Quite so [assuming that your "29%" wss a typo for "20" !], as I wrote (and morqthana had already illustrated) ....
..... What a lot of people understand far less is how to 'apply' percentages - in particular, as you go on to illustrate, getting the numerator and denominator 'the right way around'.

Personally I thought that for something as important as a change like that then a 50/50 vote was not a deciding line to go after .
I think that any very important change then a clearer majority should be the deadline for such a monumental change, 60/40 or 70/30 perhaps in my humble opinion but in any case well outside the 55/45 range if results for a monumental change to the whole country or the whole nation ?
I'm very inclined to agree (in relation to the Brexit voting). In many walks of life (including, I think, some political/parliamentary ones) votes on 'very important' (let alone 'monumental') issues require appreciably more than 50% of the votes to 'win' - and, like you, I'm bit surprised that was not the case with the Brexit vote.

Of course, it depends on exactly what is being voted for. If, as with Brexit, it a vote for a change from a long-established 'status quo', then what I've just written seems reasonable (at least to me!). However, if one were voting for, say, the choice between two new things (or even two parties in a General Election) one could not really get away from the 'winner' being the choice with the greater number of votes, no matter how small the margin.
 
Quite so [assuming that your "29%" wss a typo for "20" !], as I wrote (and morqthana had already illustrated) ....



I'm very inclined to agree (in relation to the Brexit voting). In many walks of life (including, I think, some political/parliamentary ones) votes on 'very important' (let alone 'monumental') issues require appreciably more than 50% of the votes to 'win' - and, like you, I'm bit surprised that was not the case with the Brexit vote.

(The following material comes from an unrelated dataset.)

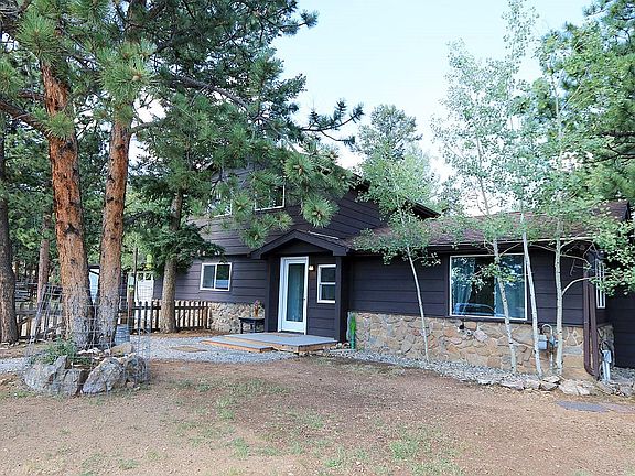 End of cul-de-sac privacy with fenced, usable land and outbuildings. 2 bedroom house has been recently updated with new siding, newer roofing shingles, updated designer kitchen. Vaulted T&G ceiling at living room. The property has a proprietary high speed pole for Rise Broadband and Dish Network dishes, with buried conduit. 4 G AT&T or T Mobil. This property is in a "banana belt" with less snow than Conifer, per Seller.
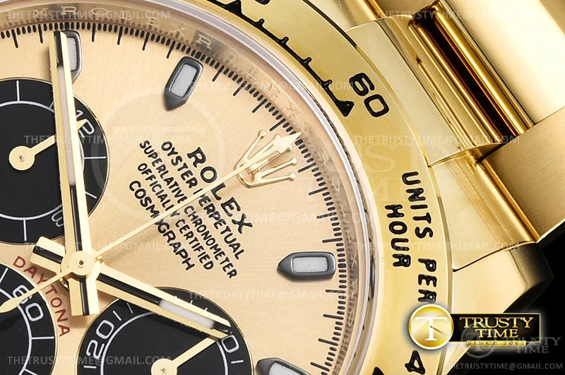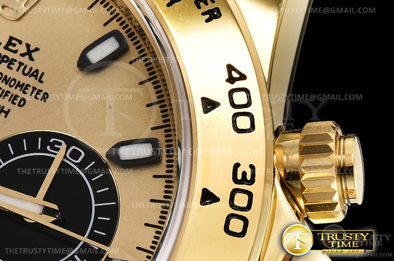 Часы Rolex из коллекции Daytona. Спортивные мужские часы Rolex Cosmograph Daytona 116508-0014 премиального качества (Артикул магазина: RX-1307) оснащены надежным автоматическим механизмом с автоподзаводом (работает от амплитуды движения руки) калибра 4130, в котором реализованы следующие функции: часовая, минутная и секундная стрелки, а так же хронограф. Круглый корпус часов цветы желтой золота, имеющий размер 40 мм и высоту 12.5 мм превосходно дополнит образ и украсит запястье своего обладателя. Для изготовления часов Rolex Cosmograph Daytona 116508-0014 предлагаемых в нашем интернет-магазине, применяются нержавеющая сталь 904L высокого качества (Швейцарский стандарт), а так же сапфировое стекло высокой прочности, благодаря чему обеспечивается максимальная защита от сколов и механических повреждений. Отличительной чертой данной модели является золотой циферблат, часовые индексы которого обеспечивают часовые метки. Завершает образ браслет из нержавеющей стали цвета желтого золота с фирменной раскладывающейся застежкой Rolex. Водонепроницаемость данной модели составляет 100М (WR100) – в таких часах можно плавать и нырять без акваланга в морской и пресной воде, а также заниматься водными видами спорта.

Of course, it depends on exactly what is being voted for. If, as with Brexit, it a vote for a change from a long-established 'status quo', then what I've just written seems reasonable (at least to me!). However, if one were voting for, say, the choice between two new things (or even two parties in a General Election) one could not really get away from the 'winner' being the choice with the greater number of votes, no matter how small the margin.
In my opinion not even a 100% vote in favour should permit membership of a supranational body such as the so-called "EU" which seeks to usurp national sovereignty. Obviously the irony is that the so-called "UK" is a similar supranational body.
 
In my opinion not even a 100% vote in favour should permit membership of a supranational body such as the so-called "EU" which seeks to usurp national sovereignty. Obviously the irony is that the so-called "UK" is a similar supranational body.
So a 100% vote you would still block membership? Maybe you are a dictator then???